After observing yesterday that the Supreme Court hadn't issued any opinions for awhile, it issues three today. The first, Thompson v. Clear Springs Foods, involves worker's compensation law, which is not a concern of SCOIDBlog. (Here's a link in case you're interested in the personal comfort doctrine: http://www.isc.idaho.gov/opinions/Thompson%20v.%20Clear%20Springs%20Opinion.pdf)
The second opinion is a parental termination case where dad pleaded guilty to felony injury to child (not one of his children, but someone -- presumably a police officer -- pretending to be a twelve-year old in an internet chatroom) in 2005 and was placed on probation. During probation, father was prevented from having contact with his children by SANE or the mother or both. In 2008, mother remarried and three days later filed a petition for termination of father's parental rights. The magistrate court dismissed the petition finding that the mother had not shown that the father willfully abandoned his children.
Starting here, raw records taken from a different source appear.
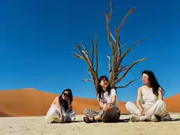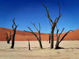 The contrast between the blue sky and the sand dunes, the dead trees and the white ground is so beautiful🥹✨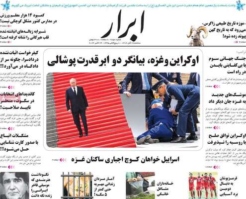 صفحه نخست روزنامههای صبح امروز سهشنبه ۲ آبان ۱۴۰۲ را در ادامه مشاهده میکنید.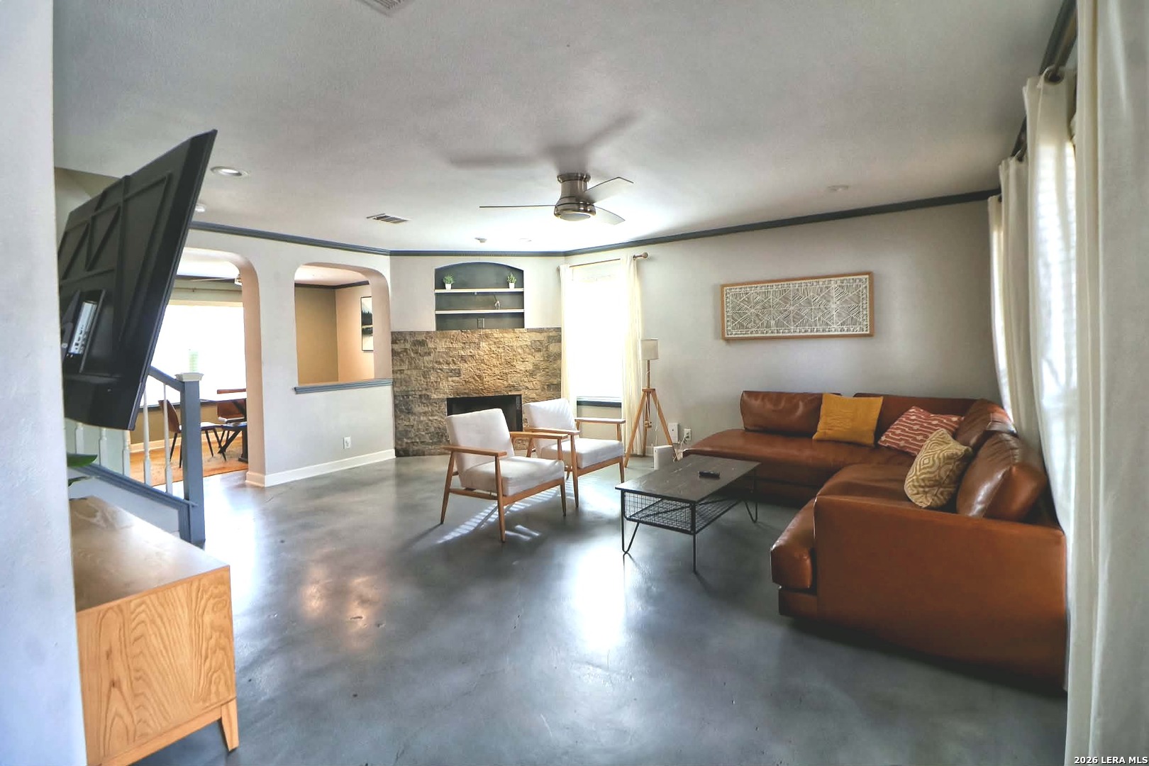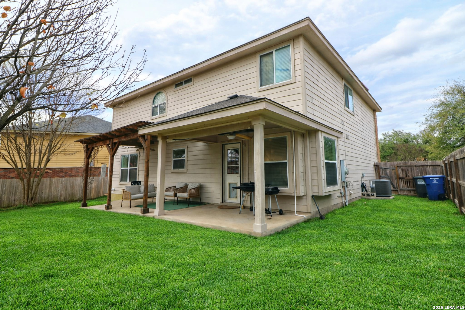 Welcome home to this meticulously maintained property located in the desirable Pheasant Ridge neighborhood. Upon entry, you are welcomed by a charming custom faux accent wall that adds character and style. The kitchen features quartz countertops, recessed lighting, and stainless steel appliances, including the refrigerator. Stained concrete flooring flows throughout the first floor and leads into a spacious family room with a stone fireplace and ample space for everyday living and entertaining. Upstairs, the loft space is currently being utilized as an additional bedroom and can easily be used as a large game room, home office, or second living area, offering flexibility to meet a variety of needs.The backyard includes a covered patio and a fire pit seating area, creating a comfortable outdoor space for relaxation or gatherings. Conveniently located near Randolph AFB, IH 35, Loop 1604, Comanche Park, shopping, dining, and within the NEISD school district. Schedule your private showing today.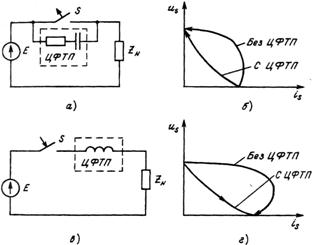 На рис. 6.3 представлены упрощенные схемы ЦФТП. Схемы а) и в) используются для формирования требуемых ВАХ при коммутации активно-емкостной нагрузки. Соответствующие динамические ВАХ в схеме с ЦФТП и без неё представлены на рис. 6.3., б,г.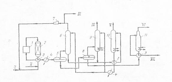 I — свежий водородсодержащий газ; II — сырье; III— отдув (водородсодержащий газ); IV — углеводородный газ; V — сероводород; VI — бензин; VII — дизельное топливо гидроочищенное
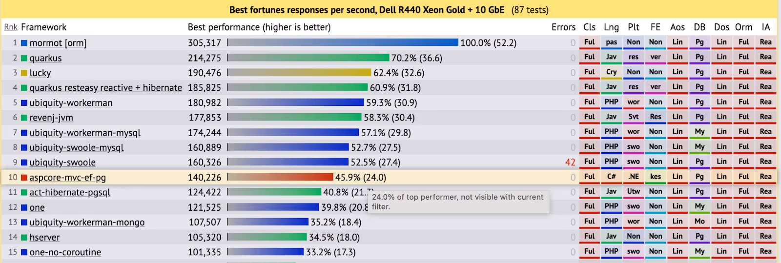 Performance is rarely the primary reason to choose a language, but it’s certainly a nice bonus. C# has been great from this perspective. Taking a look at what feels to me like the most representative TechEmpower benchmark ‘fortunes’ (using ORMs & a ‘full’ framework), you’ll find the mainstream ‘paved road’ .NET stack at 10th (out of 80). It’s probably fair to say that many of the frameworks which beat it are a little more niche and aren’t the kind of things you’d just happen to find yourself using.
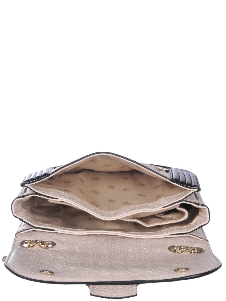 Sac à main Guess petit format avec poignées coulissante pour laisser place à une longue bandoulière pour porté travers , fermeture par top magnétique.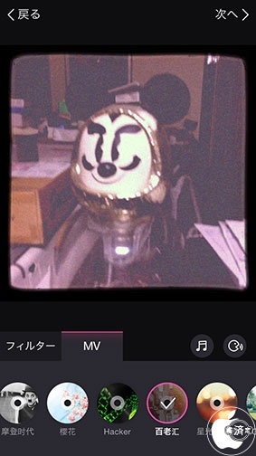 MVを選択すると、デフォルトで用意されている10種類のテーマの中から、すきなテーマを選んで、曲と動画エフェクトを自動的に処理してくれます。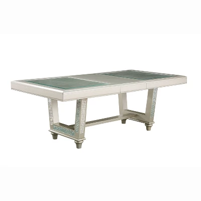 Introduce unparalleled glamour with this seven-piece rectangular dining table set in gold-tone. A stunning centerpiece for your dining room, the table boasts a shimmering champagne finish to complement solid wood and wood veneer construction. Textured details augment a clear tempered glass tabletop that creates a clean, smooth surface for delicious dinners. Chairs boast a contoured back with button tufting over warm gray faux leather for a lush look and feel.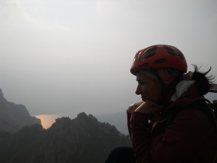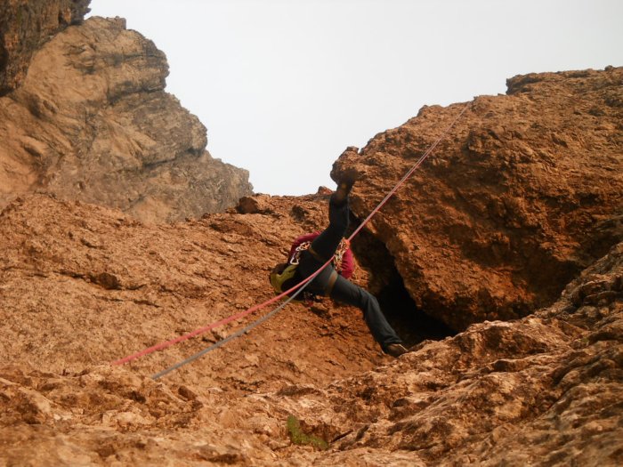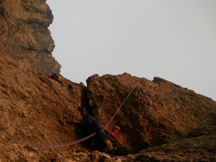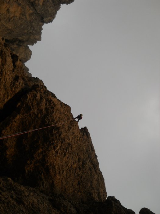 Ci godiamo combattuti tra strizza ed esaltazione la doppia intermedia di 40 metri che precipita nel vuoto mentre le rocce si accendono delle luci del tramonto, poi di nuovo un facile traverso in leggera salita seguendo dei vecchi bolli rosso scuri per tornare alla prima sosta e calarsi di pochi metri fino alla base.

The Supreme Court affirmed finding that "[t]he magistrate's finding that the Petitioners failed to prove by clear and convincing evidence that Father had willfully failed to maintain a normal parental relationship with the children is supported by substantial and competent evidence."
In the Matter of the Termination of Parental Rights and Adoption of: Jane Doe, John Doe, http://www.isc.idaho.gov/opinions/Doe%20v.pdf
Here's the part that may be useful to criminal defense lawyers. The Court finds that someone can't willfully do something (in this case abandon his children) if he didn't have the ability to do otherwise. It wrote: "In order to prove that Father had abandoned the children, Petitioners had to prove by clear and convincing evidence that he had 'willfully failed to maintain a normal parental relationship' with the children. For one to willfully fail to do something, he or she must have the ability to do it." (Citations and emphasis omitted.) This is good language to use in your next probation violation where your client wants to comply with the terms of probation but just can't get it done due to outside forces.
The last Supreme Court opinion today is State v. Munoz. http://www.isc.idaho.gov/opinions/State%20v.%20Munoz%20Opinion.pdf. The Supreme Court affirms the denial of a motion to suppress, but does not address the central question in the Court of Appeals opinion, i.e., What is a court to do when a police officer testifies to two different versions of the same event? The district court did not pick between the two versions, reasoning that under either version the evidence should not be suppressed. (This resolution ignores the possibility of a third choice, i.e., that neither version is true.) The Court of Appeals found that neither version was credible as the differences in testimony were inconsistent, irreconcilable and unexplained and found the state did not carry its burden of proving an exception to the warrant requirement. (See March 28, 2009 SCOIDBlog.) The Supreme Court picked one of the two versions and affirmed because there was substantial evidence to support that version. It notes: "Decisions regarding the credibility of witnesses, weight to be given to conflicting evidence, and factual inferences to be drawn are also within the discretion of the trial court."
This analysis, it seems to me, begs the question. First, the district court didn't pick one version over the other. It found that under either version the search was proper. So the district court never made a credibility determination and there is no credibility determination for the Supreme Court to defer to. And, under the second version, the search was improper under Arizona v. Gant. So it matters which version, if either, is believed. Although neither version is worth much in my view, the Court should have let the district court make the credibility call.